One thing you never want to see when you look at the screen for your file server is an error about corrupted data. Let alone after seeing read errors from one of your disks during a parity check. I recently had that sort of fun with my NAS.

It started out with some maintenance work I was doing on my NAS. It didn’t want to boot so I had plugged in a monitor, the motherboard is aging and needs to be replaced, so this part wasn’t abnormal. The abnormal part came after it finished booting, when the display showed metadata corruption on one of my 8TB disks. Specifically one of the disks that were doing fine on the parity check, not the disk that threw errors on it (this was concerning as I only have a single parity drive).

I followed the instructions on screen. I first ran df -h so I found determine which physical disk was showing the problem. The /dev/md1 mapped to disk1 via that command, and disk 1 from the GUI maps to /dev/sdf. Since all the disks should only have one partition, I figured /dev/sdf1 was the correct point to run the commands on. I stopped my array by the unRAID GUI as that will unmount my disks. I then ran the xfs_repair command on /dev/sdf1 with the following command line flags.

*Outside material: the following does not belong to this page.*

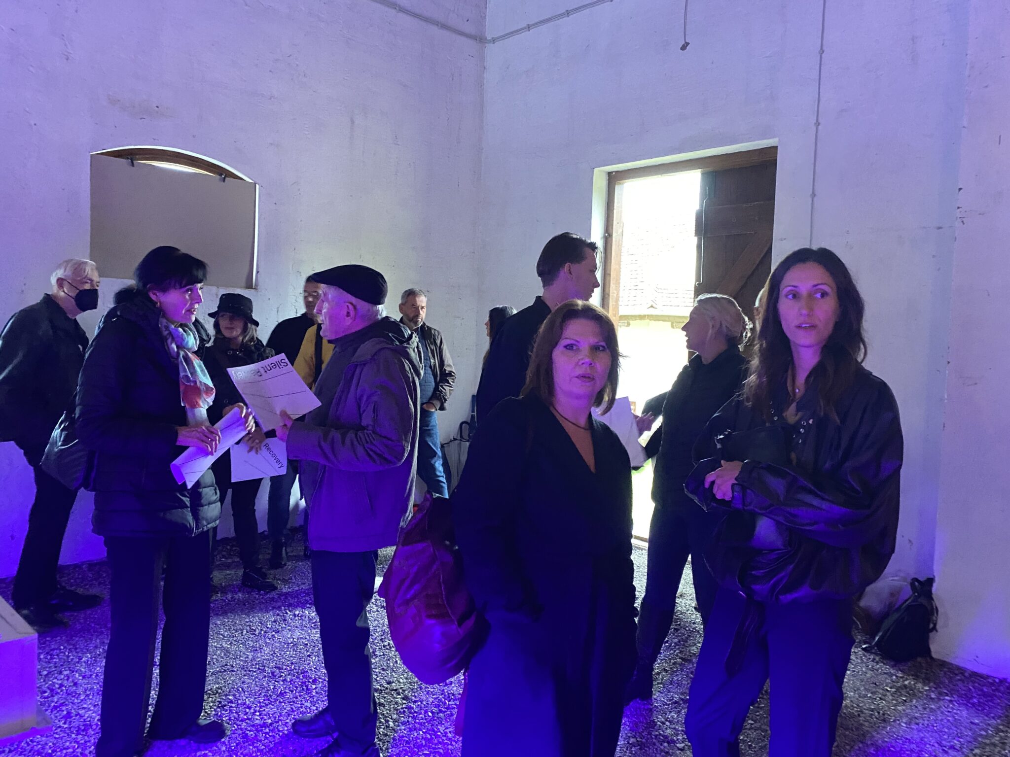 Neko ko je nadzirao ceo tok nastajanja ove izložbe i neko ko ih je držao sve na okupu je kustostkinja izložbe „Silent Recovery“, Nela Tonković, koja je tokom otvaranja, pred punim hangarom, rekla da je njeno trajanje bilo uslovljeno okolnostima koje je diktirala epidemijska situacija, a početak saradnje umetnika je, umesto međusobnih kontakata i razgovora, bio sveden na onlajn komunikaciju i rad.

-n : don’t write corrections to the disk
-v : verbose

The output from that command is below.

root@ShadowOfIntent:~# xfs_repair -nv /dev/sdf1
Phase 1 - find and verify superblock...
        - block cache size set to 1464296 entries
Phase 2 - using internal log
        - zero log...
zero_log: head block 1129663 tail block 1129663
        - scan filesystem freespace and inode maps...
        - found root inode chunk
Phase 3 - for each AG...
        - scan (but don't clear) agi unlinked lists...
        - process known inodes and perform inode discovery...
        - agno = 0
        - agno = 1
        - agno = 2
        - agno = 3
        - agno = 4
        - agno = 5
bad CRC for inode 11120729215
bad CRC for inode 11120729215, would rewrite
would have cleared inode 11120729215
        - agno = 6
        - agno = 7
        - process newly discovered inodes...
Phase 4 - check for duplicate blocks...
        - setting up duplicate extent list...
        - check for inodes claiming duplicate blocks...
        - agno = 1
        - agno = 4
        - agno = 0
        - agno = 6
        - agno = 3
        - agno = 2
        - agno = 7
        - agno = 5
bad CRC for inode 11120729215, would rewrite
would have cleared inode 11120729215
No modify flag set, skipping phase 5
Phase 6 - check inode connectivity...
        - traversing filesystem ...
        - agno = 0
        - agno = 1
        - agno = 2
        - agno = 3
        - agno = 4
        - agno = 5
        - agno = 6
        - agno = 7
        - traversal finished ...
        - moving disconnected inodes to lost+found ...
Phase 7 - verify link counts...
No modify flag set, skipping filesystem flush and exiting.

        XFS_REPAIR Summary    Wed Aug  9 20:46:54 2023

Phase           Start           End             Duration
Phase 1:        08/09 20:46:27  08/09 20:46:27
Phase 2:        08/09 20:46:27  08/09 20:46:28  1 second
Phase 3:        08/09 20:46:28  08/09 20:46:43  15 seconds
Phase 4:        08/09 20:46:43  08/09 20:46:43
Phase 5:        Skipped
Phase 6:        08/09 20:46:43  08/09 20:46:54  11 seconds
Phase 7:        08/09 20:46:54  08/09 20:46:54

Total run time: 27 seconds

The output only shows one problem on inode 11120729215. Because I don’t have extensive damage to the filesystem, I figured I would go right ahead to repairing it without looking into other options yet (rebuilding from parity). I took the -n option off the command and re-ran it to repair the system.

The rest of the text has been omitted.